Taking a dataset of input/output pairs and creating a function that describes them with as little discrepency as possible. this is used for classifying data or predicting data.
What is unsupervised learning?
Structuring data with multiple dimensions but no specific output. Unsupervised objectives may be clustering, dimensionality reduction or anomaly detection
How do we define a stationary point (w*) on a multidimensional function?
∂/∂w₁ g (w ∗) = 0
∂/∂w₂ g (w ∗) = 0
…
∂/∂wₙ g (w ∗) = 0
∴ if the point is stationary, the derivative operator with respect to each variable is 0
What value does gradient descent use for the direction of updating the parameters?
The negative of the gradient of the cost function
What equation can expresses the conditional probability of the binary dependent variable yᵢ being 1 considering the parameters θ in logistic regression? P(yᵢ=1|xᵢ)
What are the odds?
σ(xᵢ) = 1/ (1+exp(-θ⋅xᵢ))
where θ is the parameters of the independent variable vector xᵢ
odds = exp(θ⋅xᵢ)
How is the function that represents the chance of a point being y=1 based on a dataset of input vectors and coefficients written?
hθ(X ) = P(Y=1|X ;θ) = 1/ ( 1+exp(-θ⋅X) )
where capital X and Y represent the input and outputs of all the points in the training set
; in X ;θ means probability based on the two variables
What is the likelihood function for logistic regression?
L(θ|y;x) = P(Y|X;θ)= Π P(yᵢ |xᵢ ;θ)
where P(yᵢ |xᵢ ;θ) is hθ(xᵢ) if y=1 and 1-hθ(xᵢ) if y=0
How do we calculate the cost function for logistic regression?
− log(L(θ|y;x)) =Σ(i=1>N) yᵢ log(hθ(xᵢ)) + (1−yᵢ) log(1− hθ(xᵢ))
(the y and 1-y coefficients ensure that only the relevant term will be used and the other will be 0
What do we need in the dataset for logistic regression to work?
- Binary output
- Independent variables
- Variables have low multicollinearity (variables unrelated)
- There is a linear relationship between the log odds and the variables i.e. theta is made up of constant coefficients log( p/(1-p) ) = θ₀ + θ₁x₁ + …
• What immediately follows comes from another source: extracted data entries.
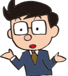
この二つは会社が労働義務を免除する日のことです！

社労士 はい。休業とは、休暇と同じく、労働者の労働義務がある日に会社がその労働義務を免除することです。休業には、労働基準法で定められている産前産後休業、育児介護休業法で定められている育児休業や介護休業などがあります。通常、休業している期間中には労働者の労働義務が既に免除されており、休暇を取得することができません。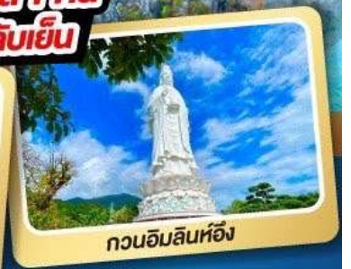
กวนอิมลินห์ฮิ่ง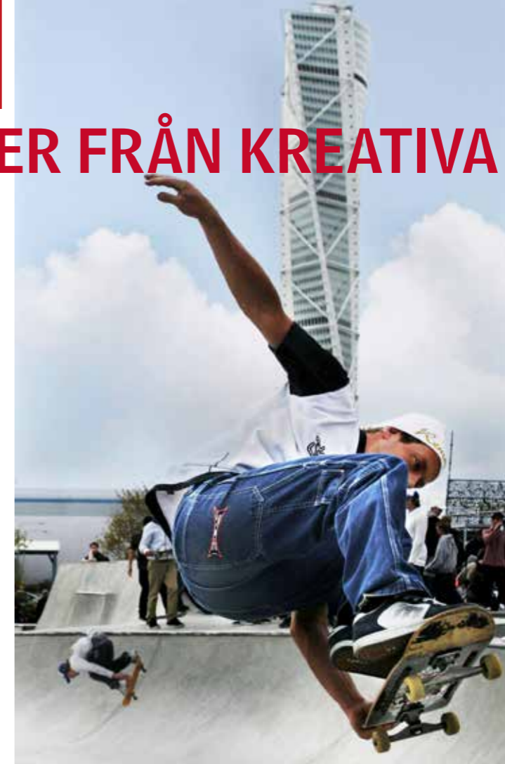
NORRA EUROPAS STÖRSTA utomhus-skejtspark med världscuptävlingar årligen finns på Kockums gamla industriområde i Malmö. Skejtsparken kom till efter ett samarbete mellan Malmö stad och en skejtförening där.

Som en av huvudtalarna under designveckan vill Ola Melin ge metropolen Hongkong nya infallsvinklar. Han ansvarar för stadsmiljön i Malmö och ser fram emot att berätta om sin "unga, djärva och nytänkande stad".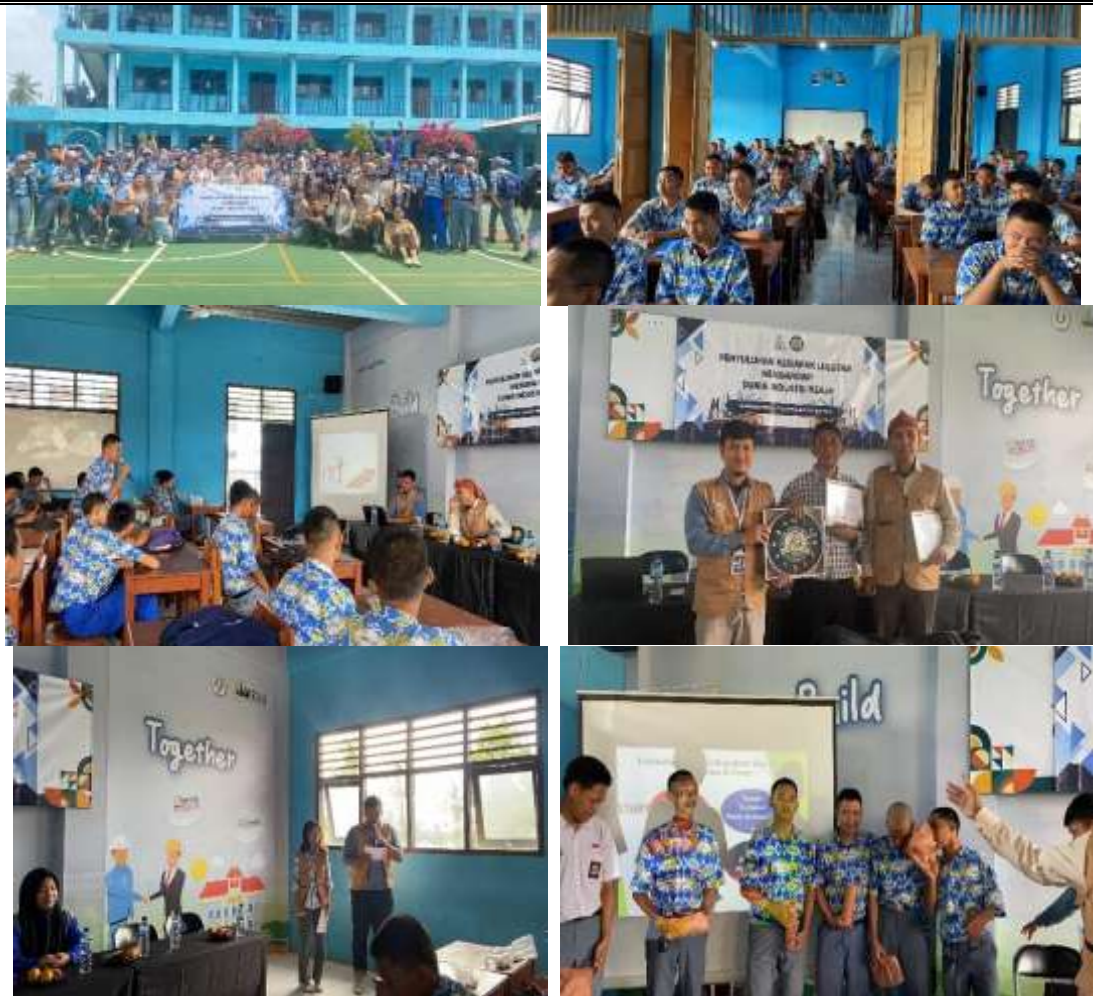
Gambar 1. Proses Kegiatan di SMK Fatahillah 1 Cilegon

Evaluasi dampak kegiatan dilakukan melalui pendekatan kuantitatif-deskriptif menggunakan kuesioner pretest–posttest (skala Likert 1–5) yang mengukur tiga dimensi utama, yaitu mentality readiness, morality, dan work ethos. Selain itu, dilakukan observasi saat simulasi/role play menggunakan rubrik perilaku kerja untuk menilai penerapan sikap dan kebiasaan kerja secara nyata. Hasil kuantitatif berikut disajikan untuk memperkuat kesimpulan program, sehingga pembahasan tidak hanya berbasis uraian naratif, tetapi juga didukung bukti perubahan terukur. Berdasarkan hasil kuesioner, terdapat peningkatan skor rata-rata pada seluruh dimensi setelah kegiatan. Pada dimensi mentality readiness, rata-rata skor meningkat dari 3,12 (pretest) menjadi 4,05 (posttest), dengan selisih 0,93 poin atau peningkatan 29,81%. Pada dimensi morality, rata-rata meningkat dari 3,25 menjadi 4,18, naik 0,93 poin atau 28,62%. Sementara pada dimensi work ethos, skor meningkat dari 3,08 menjadi 4,02, naik 0,94 poin atau 30,52%. Peningkatan pada ketiga dimensi ini menunjukkan bahwa intervensi melalui penyuluhan terstruktur dan aktivitas berbasis pengalaman (studi kasus dan simulasi) mampu memperkuat pemahaman sekaligus orientasi sikap kerja peserta.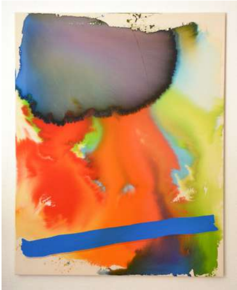
Hazel Ann Watling D'PAK & OPRAH 3 2020 aquarelle, encre et acrylique sur toile (coton) sur châssis, vernissé à la bombe (UV protection mat) 10 x 80cm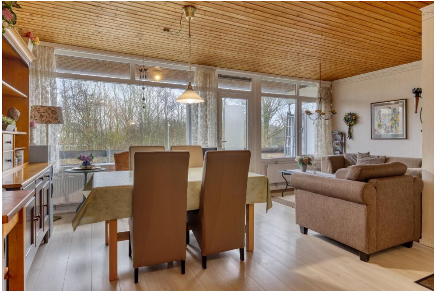
De woonkamer-eethoek met deur naar het balkon.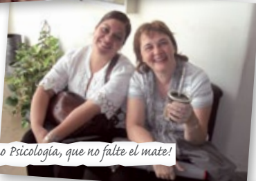
2º año Psicología, que no falte el mate!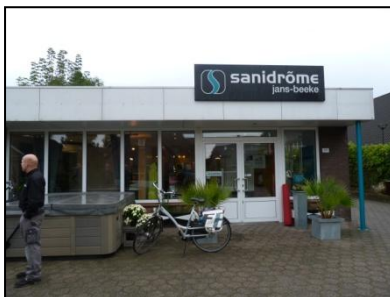
Figuur 3. Voorkant Sanidrome.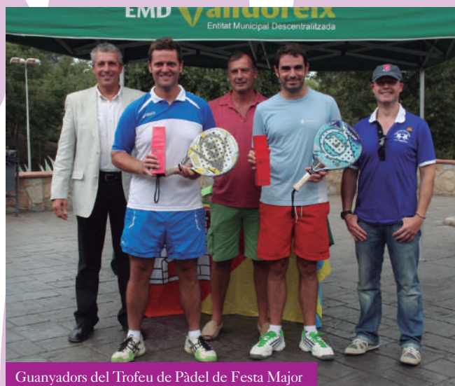
Guanyadors del Trofeu de Pàdel de Festa Major

Les activitats del diumenge de Festa Major es van completar amb el Balontir a la plaça del Casal, amb les entregues de premis dels trofeus de la Jornada de Futbol Base i de Tennis i Pàdel, al CE Valldoreix.

- large sample size. rule: sample needs to be greater than 10 * samples / lower probability of y outcome for example 0.1 chance y=0
What are the three axioms of measuring the information of a given event?
- An event with probability of 100% yields no information
- The less probable an event is, the more information it yields
- If two events are measured separately, the information gathered is the sum of both informations
How is information from an event measured?
Iₓ(x) = logₐ [ 1/(Pₓ(x)) ]
where Pₓ(x) is the probability of x being the value it is
information calculated with a=2 is called bits, a=e is called natural units or nats and a=10 is called dits, bans or hartleys
How do you calculate logit(x) (log-odds)?
log (p/(1-p)) = log(p) - log(1-p) = log(x) - log(¬x)
What is entropy and how is it calculated (discrete data)?
Entropy is the uncertainty in a random variable X.
E[Iₓ(x)] = -Σ(i=1>n) P(X=xᵢ) * logₐ(P(X=xᵢ))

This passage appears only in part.